Figuring out what exactly needs to be updated, and only updating that without having to recompute everything throughout.

How does it work?

You don’t really need to do anything special, just focus on defining the transformation needed.
CocoIndex Engine

CocoIndex automatically tracks the lineage of your data and maintains a cache of computation results. When you update your source data, CocoIndex will:

  1. Identify which parts of the data have changed
  2. Only recompute transformations for the changed data
  3. Reuse cached results for unchanged data
  4. Update the index with minimal changes

And CocoIndex will handle the incremental processing for you.

CocoIndex provides two modes to run the pipeline:

  • One-time update: Once triggered, CocoIndex updates the target data to reflect the version of source data up to the current moment.
  • Live update: CocoIndex continuously reacts to changes of source data and updates the target data accordingly, based on various change capture mechanisms for the source.
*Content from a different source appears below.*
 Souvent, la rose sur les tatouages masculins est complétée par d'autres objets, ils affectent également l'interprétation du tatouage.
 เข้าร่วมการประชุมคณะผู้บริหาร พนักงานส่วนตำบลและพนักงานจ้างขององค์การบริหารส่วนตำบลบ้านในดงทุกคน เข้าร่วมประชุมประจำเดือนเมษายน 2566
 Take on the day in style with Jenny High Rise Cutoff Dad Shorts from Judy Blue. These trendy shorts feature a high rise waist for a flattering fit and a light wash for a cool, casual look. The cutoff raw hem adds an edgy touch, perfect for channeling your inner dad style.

Both modes run with incremental processing. You can view more details in Life Cycle of an Indexing Flow.

Who needs incremental processing?

Many people may think incremental processing is only beneficial for large scale data. Thinking carefully, it really depends on the cost and requirement for data freshness.

Google processes huge scale data, backed by a huge amount of resources. Your data scale is much less, but your resource provision is also much more limited.
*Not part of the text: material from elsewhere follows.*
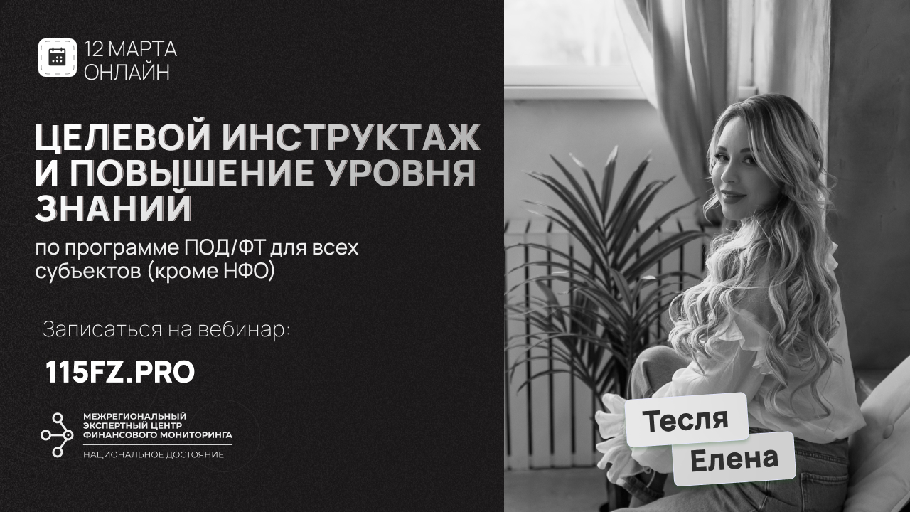 Спикер – Тесля (Пинигина) Елена, лауреат национальной премии «Преподаватель года по ПОД/ФТ» 2020, эксперт по ПОД/ФТ/ЭД/ФРОМУ с опытом работы 21 год, генеральный директор МЭЦФМ «Национальное достояние», главный редактор СМИ «ВЕСТИ 115-ФЗ».
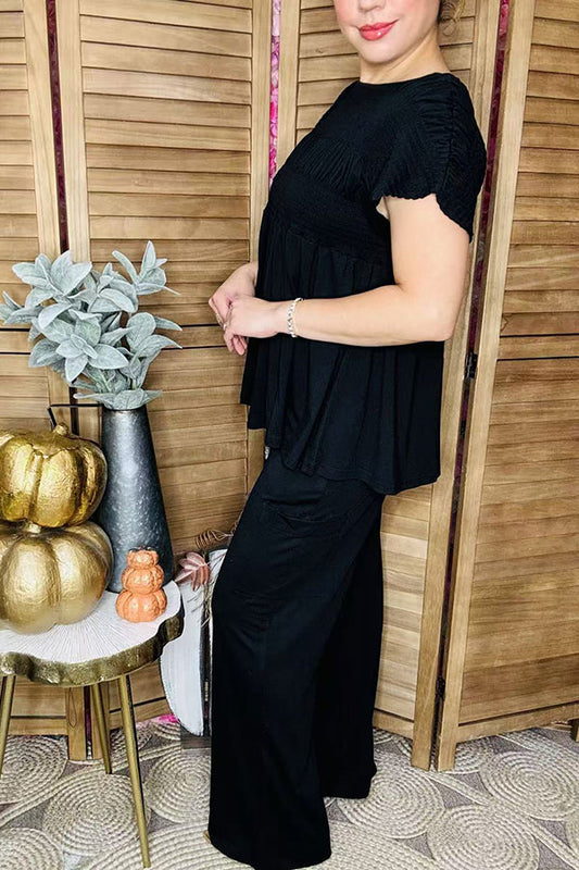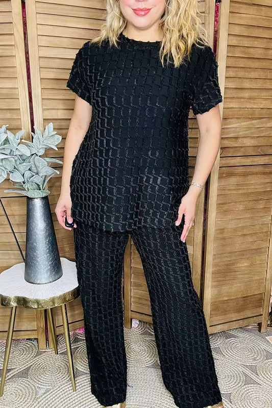 Black textured short sleeve top & wide leg pant 2pc women sets XCH16518

Incremental processing is needed under the following conditions:

  • High freshness requirement

    For most user-facing applications this is needed. e.g. users update their documents, and it’s unexpected if they see stale information in search results.

    If the search result is fed into an AI agent, it may mean an unexpected response to users (i.e. an LLM generates output based on inaccurate information). It’s more dangerous and users may even take the unexpected response without noticing.

  • Transformation cost is significantly higher than retrieval itself

Overall, say T is your most acceptable staleness. If you don’t want to recompute the whole thing repeatedly every cycle of T, you will need incremental processing more or less.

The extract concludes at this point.